# [WHAT IS BEING ASKED]
Could you retype the whole listing word for word and drop the images?

# [INFORMATION PROVIDED]
- Opening Delimiter -
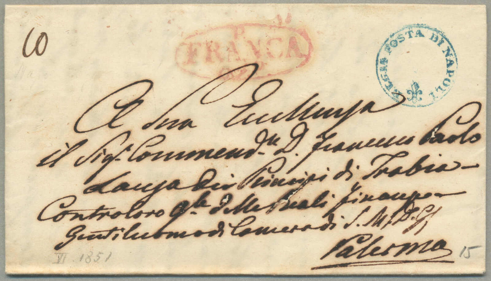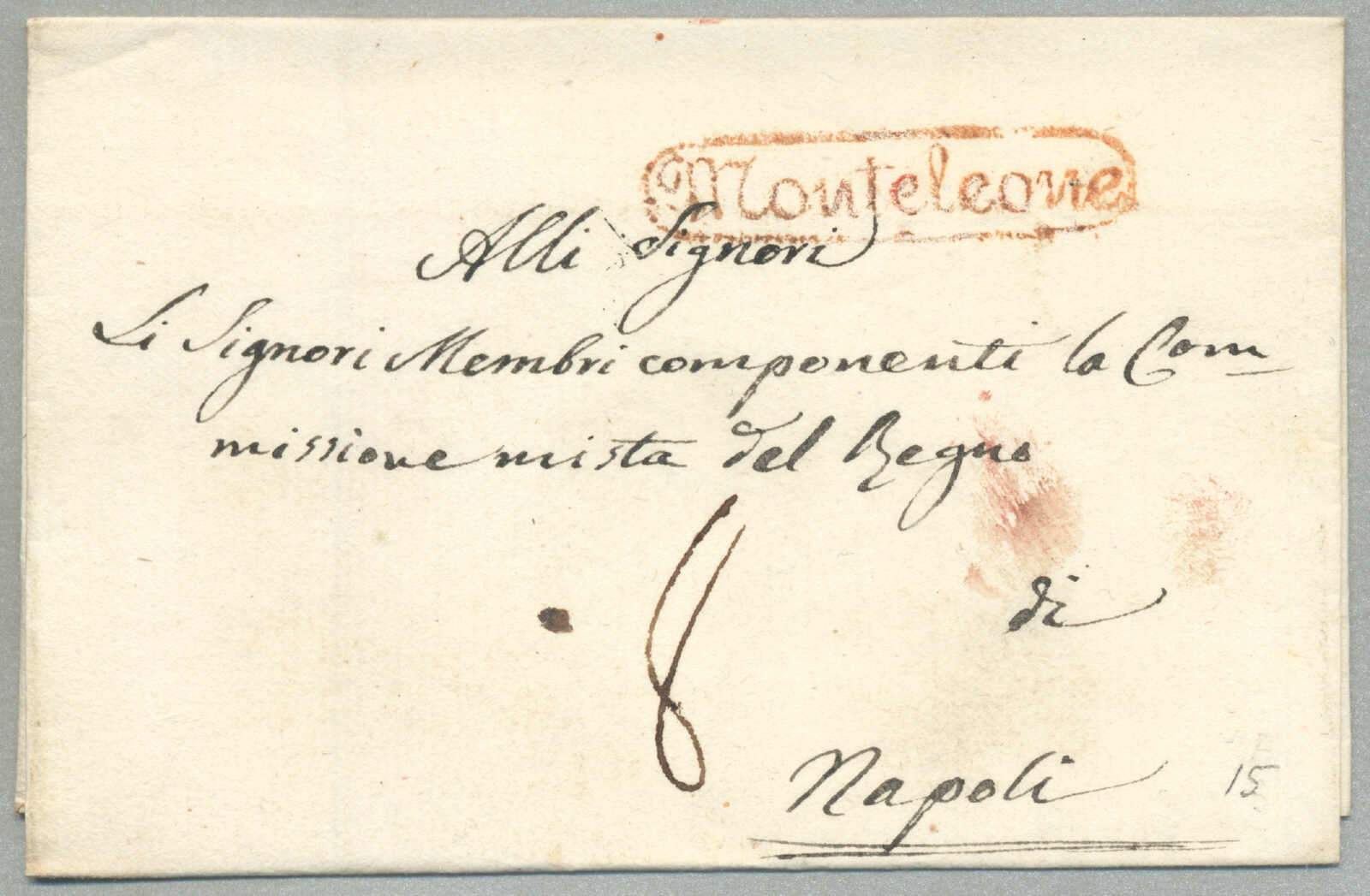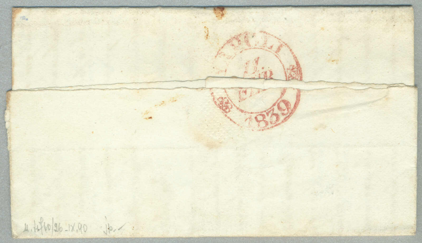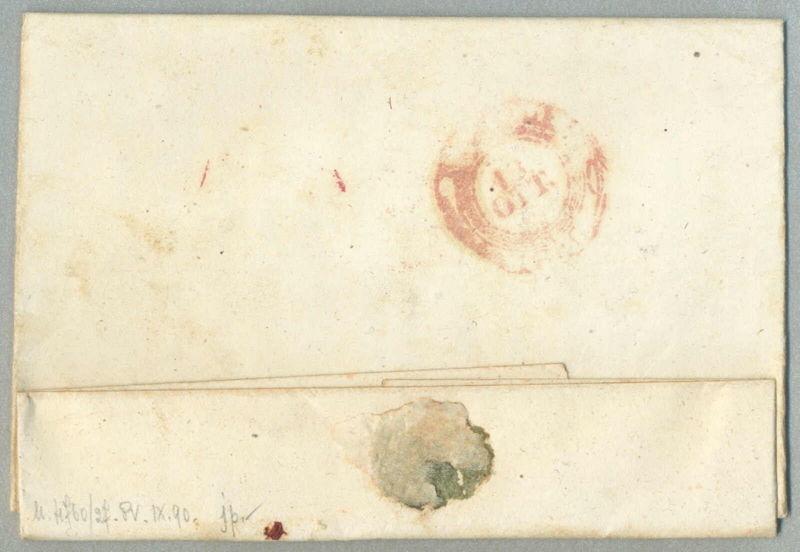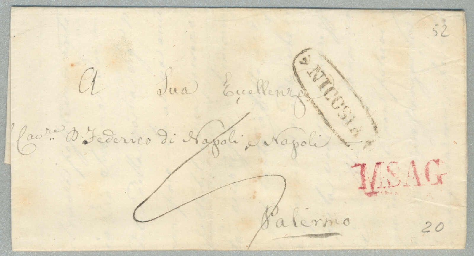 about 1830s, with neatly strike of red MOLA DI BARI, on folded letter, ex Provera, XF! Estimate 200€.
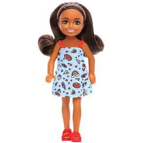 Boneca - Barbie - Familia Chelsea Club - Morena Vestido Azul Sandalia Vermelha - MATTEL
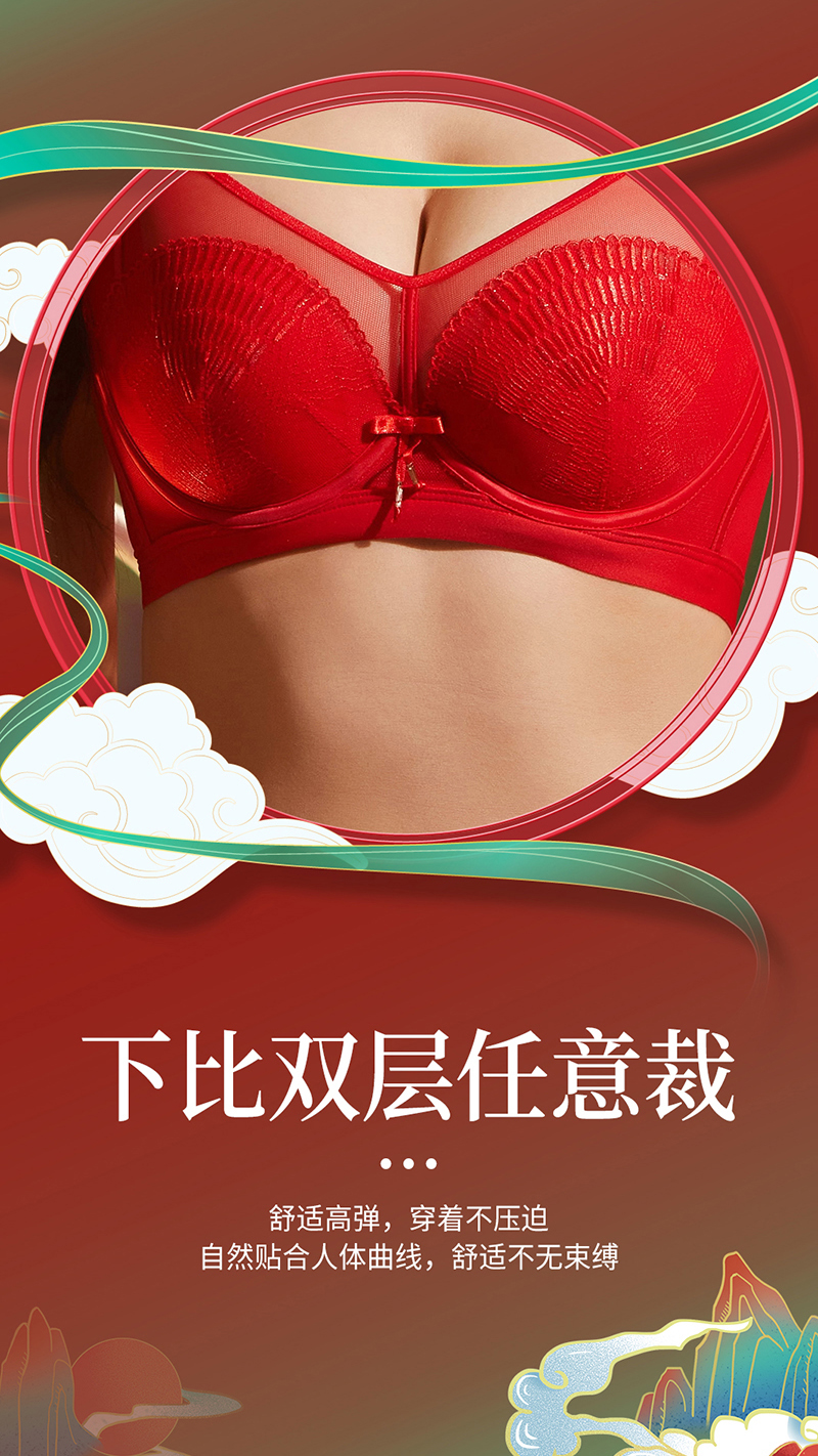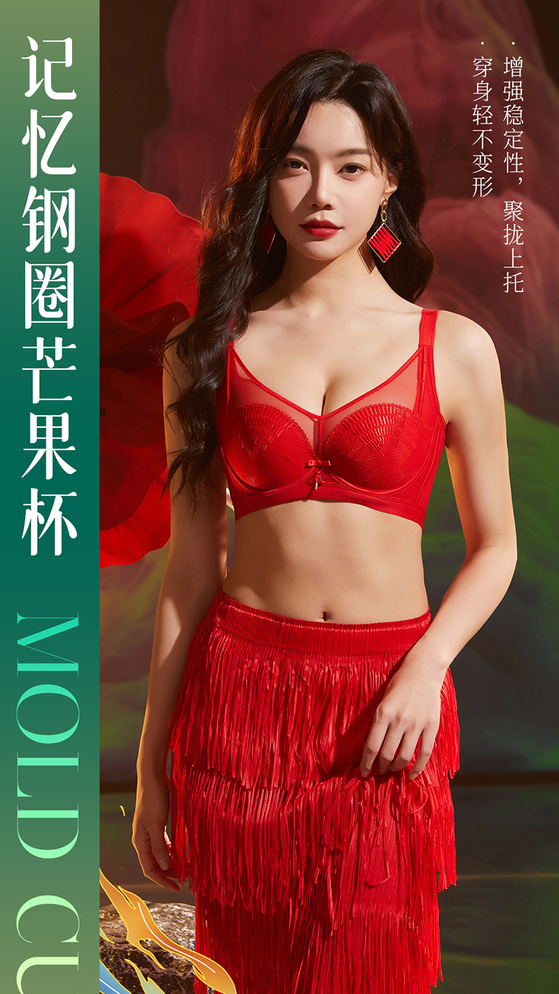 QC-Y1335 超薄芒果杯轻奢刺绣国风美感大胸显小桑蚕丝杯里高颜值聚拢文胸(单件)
- Closing Delimiter -
# [FINAL ANSWER]
 about 1830s, with neatly strike of red MOLA DI BARI, on folded letter, ex Provera, XF! Estimate 200€.
 Boneca - Barbie - Familia Chelsea Club - Morena Vestido Azul Sandalia Vermelha - MATTEL
 QC-Y1335 超薄芒果杯轻奢刺绣国风美感大胸显小桑蚕丝杯里高颜值聚拢文胸(单件)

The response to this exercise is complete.